Cell-Based Therapeutics in Burn Medicine

     New strategies using skin substitutes and autologous or allogeneic cell suspensions have been developed to improve healing of burn injuries. Skin substitutes grown in a laboratory and populations of individual skin cells harvested from biopsies can be applied to debrided burns to return damaged skin to optimal cosmetic appearance and normal function in the shortest period of time.

     The use of skin substitutes to temporarily restore the multiple functions of normal skin has been of substantial benefit in the management of cutaneous burn injuries. Skin substitutes are widely used in the management of human thermal burns and can be (1) temporary or permanent, (2) epidermal, dermal, or composite, and (3) biologic or synthetic. They have also been shown to be effective in speeding up time to closure of chronic leg and foot ulcers, surgical excision sites, and partial-thickness donor sites.

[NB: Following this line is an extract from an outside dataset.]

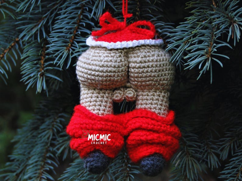This funny crochet pattern is perfect for adding a little adult humor to your Christmas tree.

     The application of keratinocytes in suspension has been shown to improve epidermal wound healing in pig and mouse models. ReCell^® Autologous Cell Harvesting Device (Avita Medical Americas LLC, Woburn, MA) is an innovative medical device that was developed to allow rapid harvesting of autologous cells from a thin split-thickness biopsy. Harvesting is followed by spray application of a population of skin cells onto wounds within 30 min of collecting the biopsy, without the need of culturing the cells in a clinical laboratory. Following processing of the skin biopsy, the resulting cell suspension provides autologous keratinocytes, epidermal stem cells, melanocytes, fibroblasts, and Langerhans cells for application onto prepared wound beds.

     In this talk an overview of cell-based therapeutics in treating cutaneous vesicant injuries will be provided, to include a review of available products and use of several of these products in treating sulfur mustard injuries in a weanling swine model.

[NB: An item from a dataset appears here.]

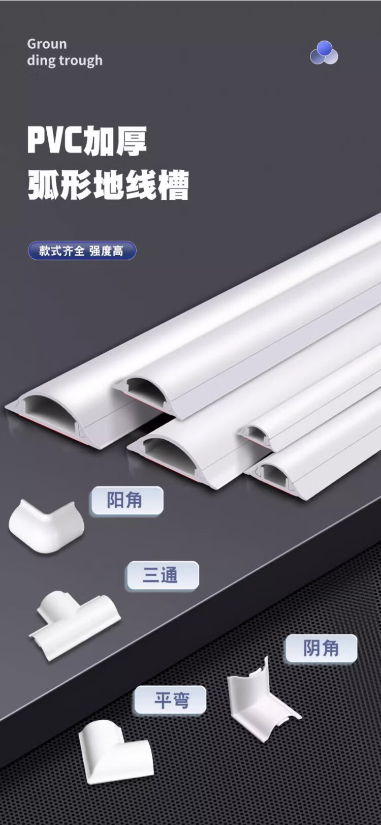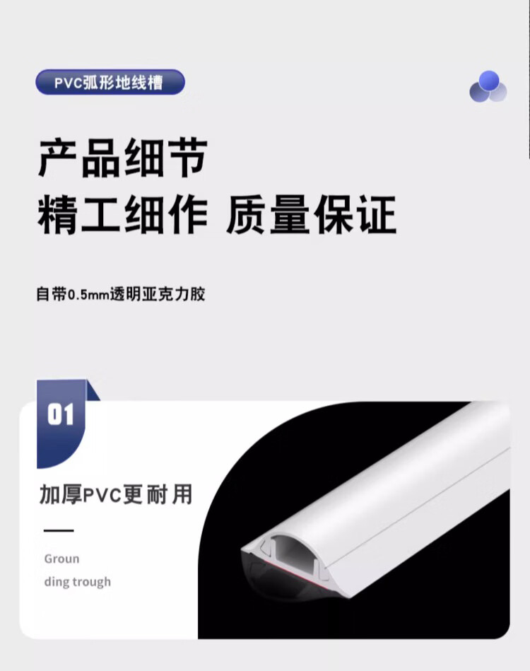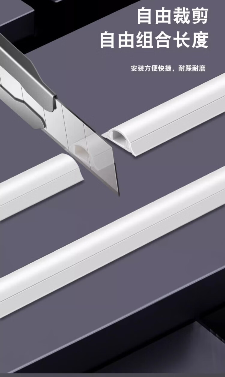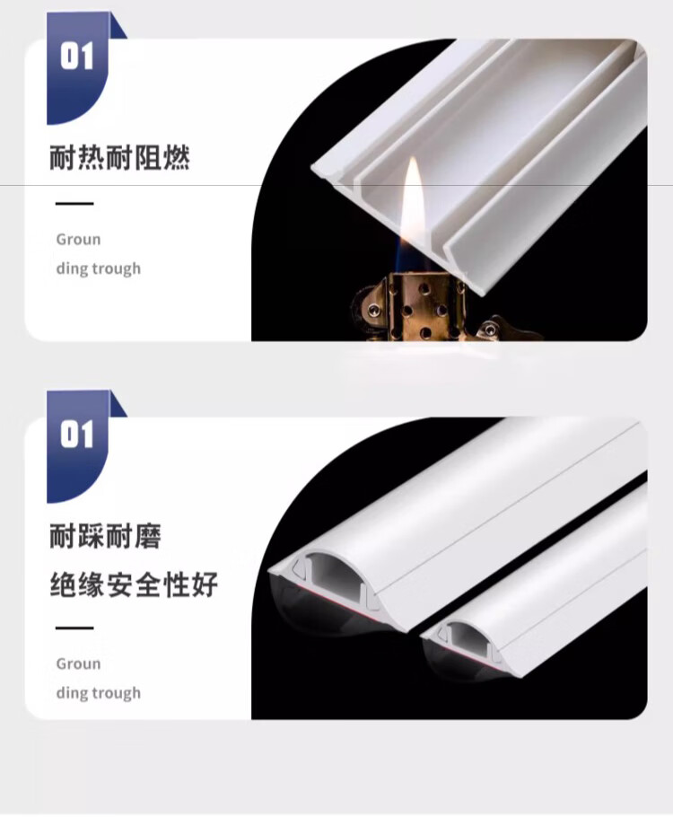 Jieshitu curved PVC cable trough surface-mounted cable trough ground anti-step self-adhesive thickened network cable wire trough flame retardant insulation No. 3/meter

The views expressed in this presentation are those of the author and do not reflect the official policy of the Department of Army, Department of Defense, or the U.S. Government. The experimental protocol was approved by the Animal Care and Use Committee at the United States Army Medical Research Institute of Chemical Defense and all procedures were conducted in accordance with the principles stated in the Guide for the Care and Use of Laboratory Animals (National Research Council, 1996), and the Animal Welfare Act of 1966 (P.L. 89-544), as amended. This research was supported by the Defense Threat Reduction Agency, Medical S&T Division.